There are a lot of repeat systems in the game. All the buttons use the same
grow-shrink mouse over-mouse off scripts. All of the labels use the same global GUI
skin and follow object scripts. The camera movement script is a simple iTween
action that eases both translate and focus/point-at motions. Both the points that
the camera translates between and focuses on are invisible objects.
There are 3 screens to the main instance of the game. The first screen is
where the actual game play takes place. You have the unicorn and the clickable
unicorn face. This is where the points are generated. The cheek is handled by two
lerp functions. One that grows as an int is added over time and one that shrinks as
it expels the int into your currency.
This is handled by converting the ints into float values, running the float
values through the lerp functions, and then using the resulting float values for
object scale. From there, the currency amount is ran through a function that
interpolates integer values. The resulting currency display is a rolling value.
Between the growth and shrinking of the unicorns cheeks and the rolling values of
the score/currency, the game is strangely satisfying.
Also satisfying is watching the particle stream. They go EVERYWHERE. The
ground becomes a flood of particles moving every which way. It becomes almost
Zen like, in a way, as they all try to find their place in life.

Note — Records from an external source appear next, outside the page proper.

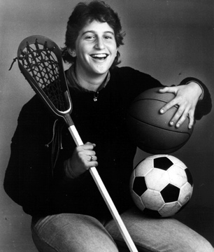 Shari Krasnoo was a standout in soccer (forward), basketball (guard), and lacrosse (second home) before graduating from Wayland High School in 1987. She earned DCL All-Star honors in soccer and basketball as well as being a three-time All-American, the state’s leading scorer as a senior and the scorer of an incredible 324 points in her career. Her lacrosse teams won three state championships.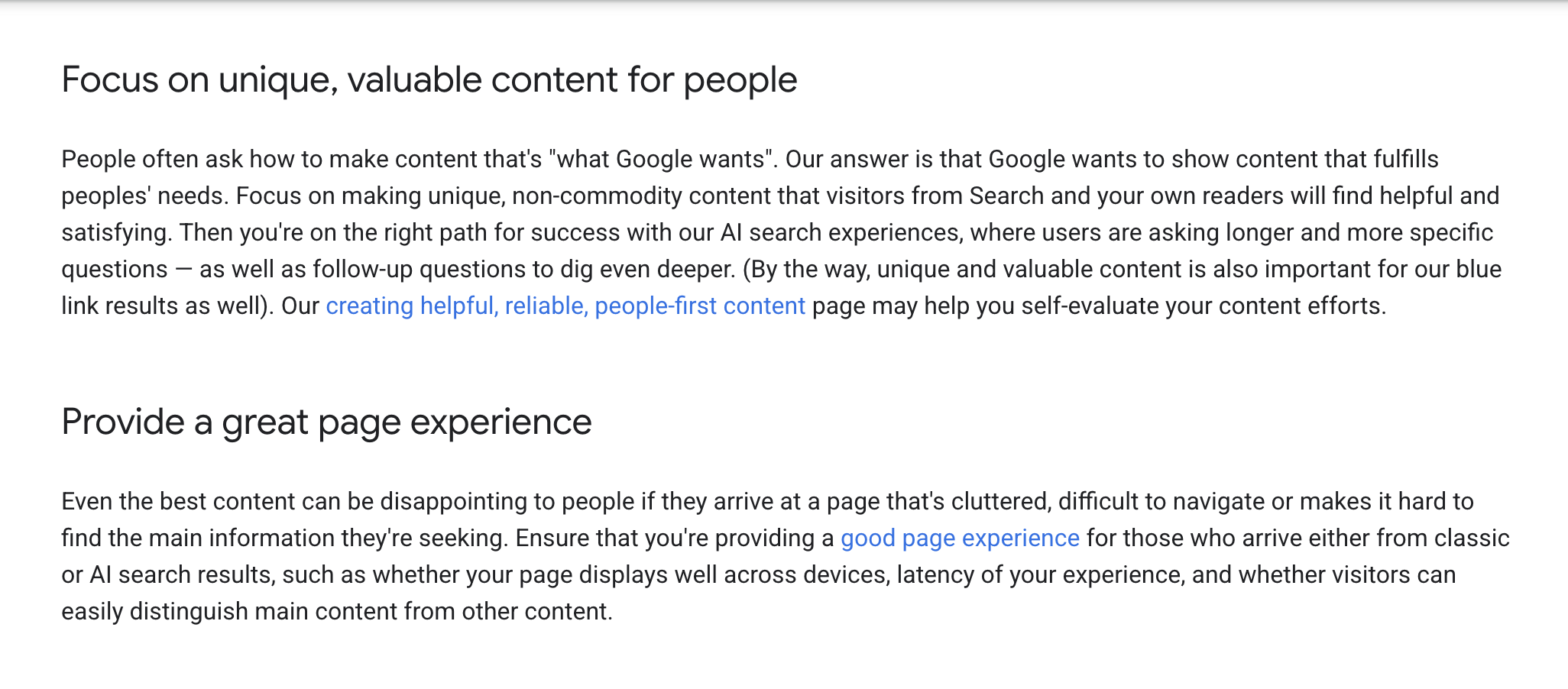 Google’s recommendation on how to perform well in the AI-powered search results: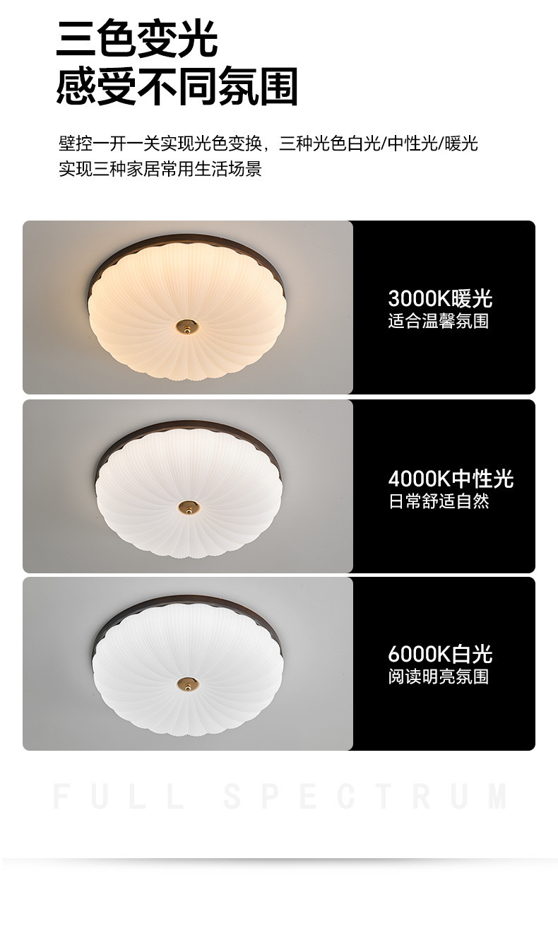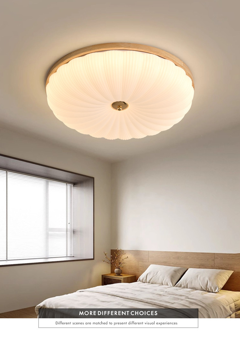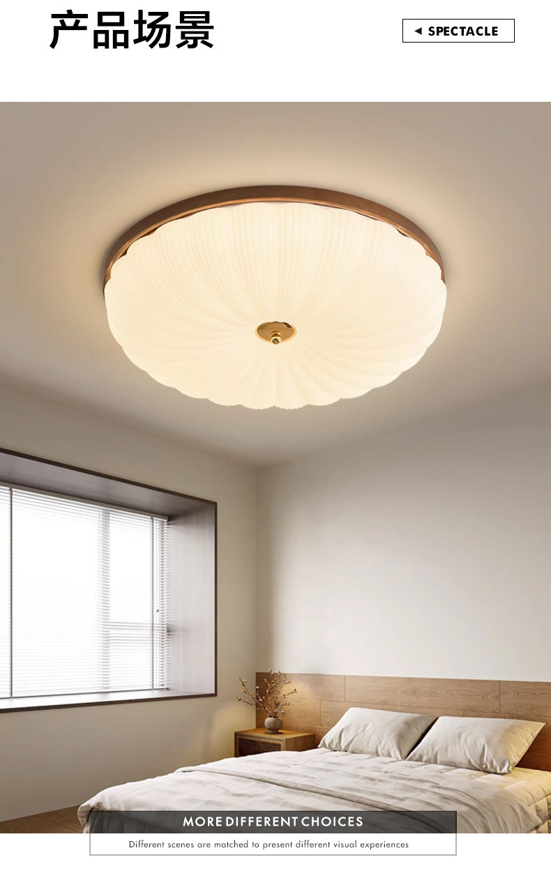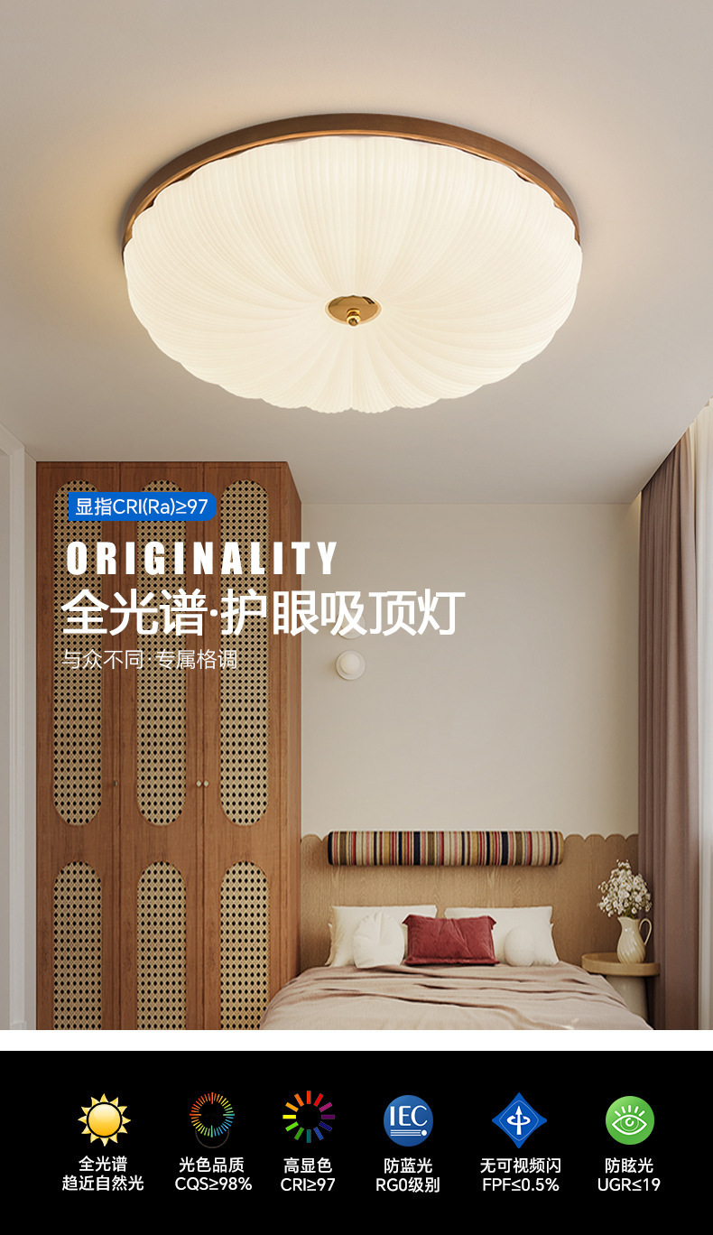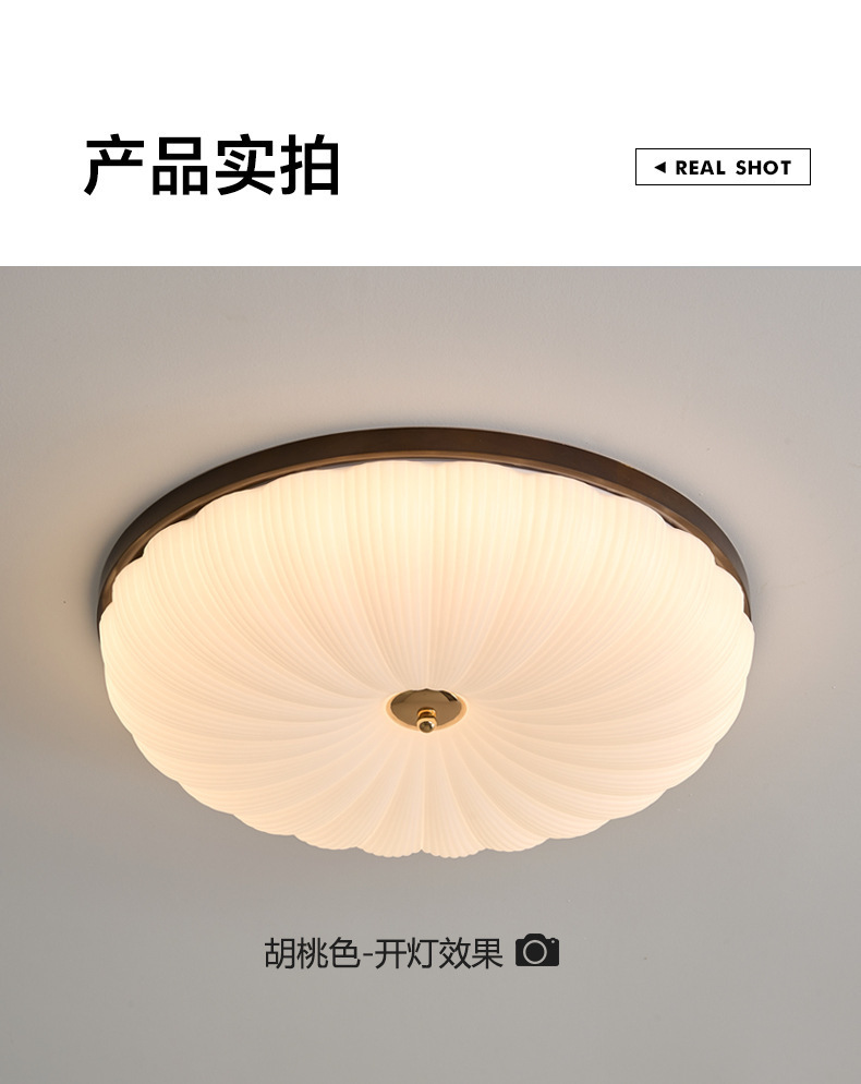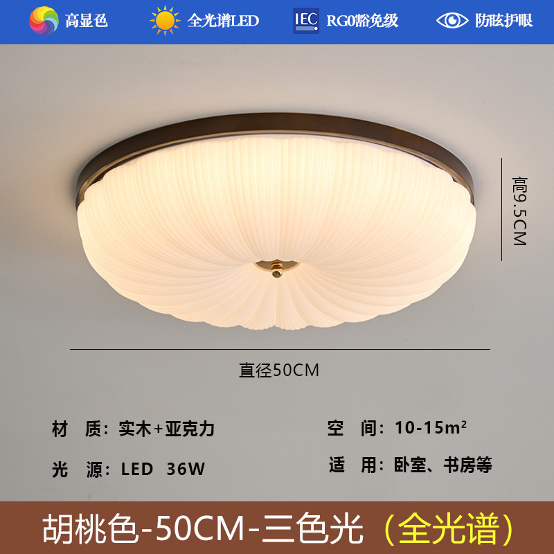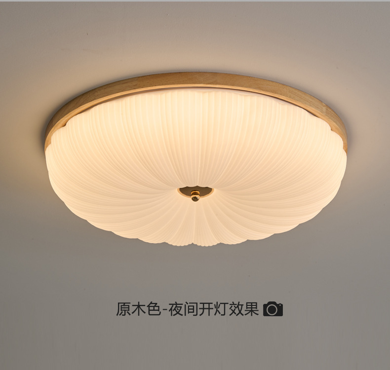새로운 중국 천장 램프 단단한 나무 현대 간단한 호박 창조적 인 쉘 어린이 방 전체 조명 스펙트럼 연구 침실 램프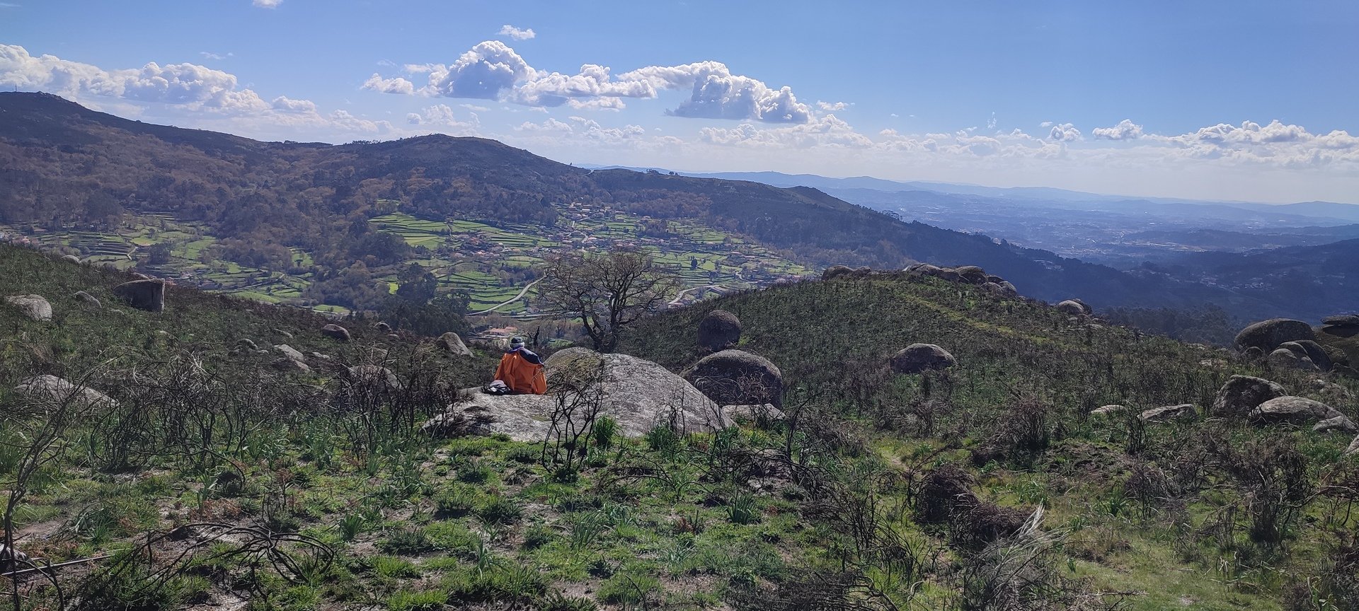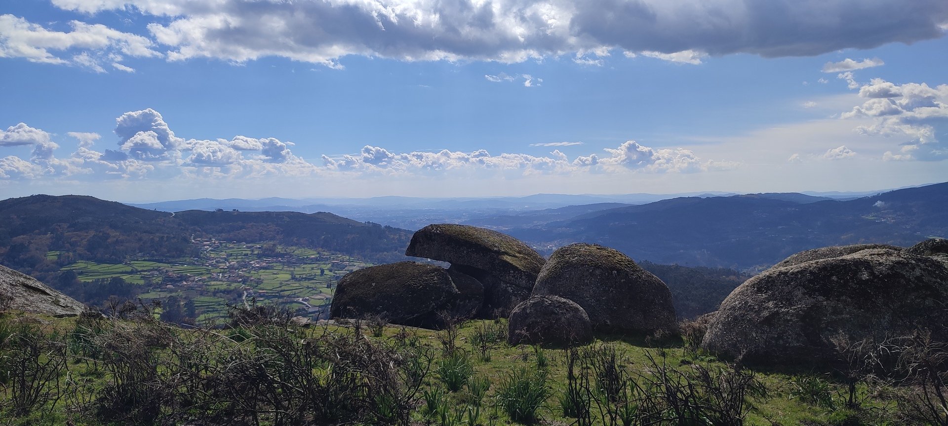 Mais acima, como os estômagos já reclamavam, decidimos parar para almoçar e escolheu-se um local alto, com uma vista maravilhosa em redor, que seria próximo do Miradouro do Alto de Perre, numa altitude de 668m (41º45'32.6" N 8º23'45.4" W).

The animation of the horse is actually two sprites that the game plays
between depending on what state the horse is in, idle or vomit. Due to time, the
brief motion of the head was the only thing I really had time to animate. Given
further development, the whole body could have different motions depending on
what the horse is doing.
The second screen is the store. You buy things and move between the other
two screens. The third screen is the game exit. Upon exiting the game, you are
taken to the credits.
The store:
The values are pretty straight forward. The cheeks get larger in increments
of 5 and the speed at which they fill count down from half a second. Growth is
capped at 500 and speed is capped at .001 of a second. Price increases at a rate of
10-20%. The idea is to make the player grind out values, but still not feel entirely
pointless. In all, the game has over 100 steps required to complete the store. In
future development, achievements and gui toasts could add a wealth of depth to
the game.
Below is a spreadsheet displaying the incremental steps and prices:
Note: Although the spreadsheet shows decimal values, in game, everything but the
fill speed is rounded into a flat int value.

Credits:
Although it is the same prefab of the credits seen in the previous game, several
improvements have been made in this model. For one, explosions now spawn on
the bullets instead of on the blocks they hit. This way, the explosion object is
centered on the point of impact, regardless of how big a target is hit.
A second explosion has been attached as well and the credits now randomly choose
between the two. Both explosions are from Unity 3ds 2D tutorial assets. A basic
GUI has been added as well as buttons to return to the game or exit the stand alone
application entirely.
I chose for the game to not save progress. With the simplified input and controls it
is not really critical for progress to be lost or saved.